··· Dataset section

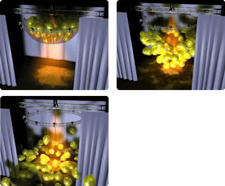 Востребованная технология для зрелищного появления или исчезновения предметов на театральной площадке. Она позволяет моментально опустить задник, проекционный экран или тонкую вуаль, не требуя никакой специальной обработки используемого полотна. При этом подходит абсолютно любая драпировка, будь то тяжелый бархат, мягкий плюш или блестящий атлас. Данная система оптимальна для организации по-настоящему запоминающихся эпизодов, включая эффект двойного сброса или плавное падение невесомых объектов — например, конфетти, кусочков попкорна или воздушных шаров, которые завораживающе "плывут" над сценой.
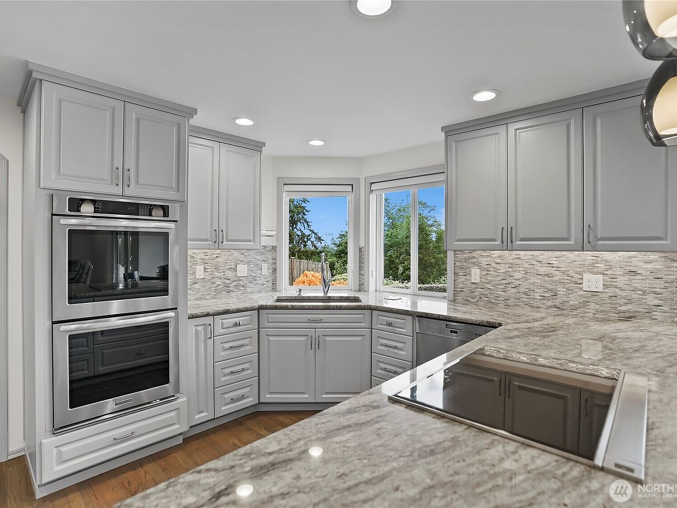 This kitchen features a sleek, modern design with a soft gray color palette dominating the cabinetry, complemented by stainless steel appliances including a double wall oven and a built-in dishwasher. The countertops are a polished granite with subtle veining that adds texture without overpowering the space. A mosaic tile backsplash in neutral tones adds visual interest and blends seamlessly with the cabinetry while enhancing the clean lines. The corner layout maximizes natural light coming through the large bay windows above the sink, offering serene outdoor views and creating a bright, inviting space for cooking and gathering. Recessed ceiling lights ensure ample illumination, and the overall look balances functionality with contemporary elegance.
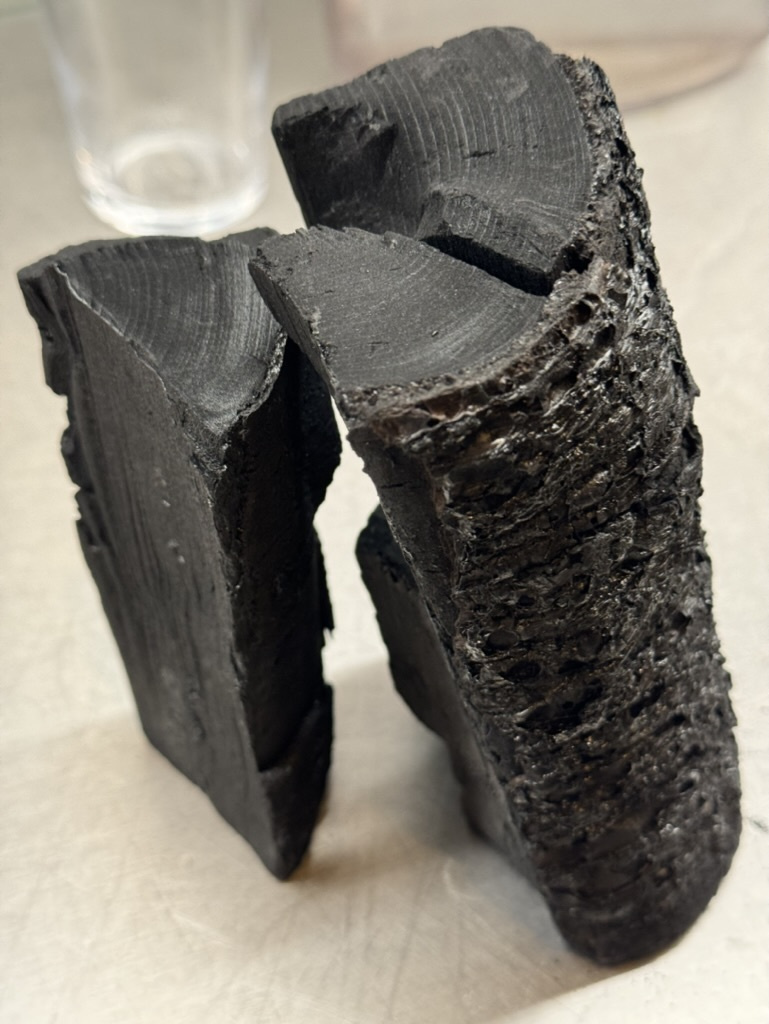 Charbon de bois de première qualité issu du bouleau de montagne de Laponie. Densité extrêmement élevée due au fait que le bouleau de montagne pousse de 2 mètres en 30 ans alors que les arbres dont provient le reste du charbon de bois poussent de 30 mètres en 2 ans. Le charbon de bois de bouleau pur et fin permet d'obtenir des températures extrêmement élevées, une longue durée de combustion et un faible dégagement de fumée.

······

_What to work on:_ Return each line of the data, keeping its wording exact and omitting pictures.

_Exercise output:_
 Востребованная технология для зрелищного появления или исчезновения предметов на театральной площадке. Она позволяет моментально опустить задник, проекционный экран или тонкую вуаль, не требуя никакой специальной обработки используемого полотна. При этом подходит абсолютно любая драпировка, будь то тяжелый бархат, мягкий плюш или блестящий атлас. Данная система оптимальна для организации по-настоящему запоминающихся эпизодов, включая эффект двойного сброса или плавное падение невесомых объектов — например, конфетти, кусочков попкорна или воздушных шаров, которые завораживающе "плывут" над сценой.
 This kitchen features a sleek, modern design with a soft gray color palette dominating the cabinetry, complemented by stainless steel appliances including a double wall oven and a built-in dishwasher. The countertops are a polished granite with subtle veining that adds texture without overpowering the space. A mosaic tile backsplash in neutral tones adds visual interest and blends seamlessly with the cabinetry while enhancing the clean lines. The corner layout maximizes natural light coming through the large bay windows above the sink, offering serene outdoor views and creating a bright, inviting space for cooking and gathering. Recessed ceiling lights ensure ample illumination, and the overall look balances functionality with contemporary elegance.
 Charbon de bois de première qualité issu du bouleau de montagne de Laponie. Densité extrêmement élevée due au fait que le bouleau de montagne pousse de 2 mètres en 30 ans alors que les arbres dont provient le reste du charbon de bois poussent de 30 mètres en 2 ans. Le charbon de bois de bouleau pur et fin permet d'obtenir des températures extrêmement élevées, une longue durée de combustion et un faible dégagement de fumée.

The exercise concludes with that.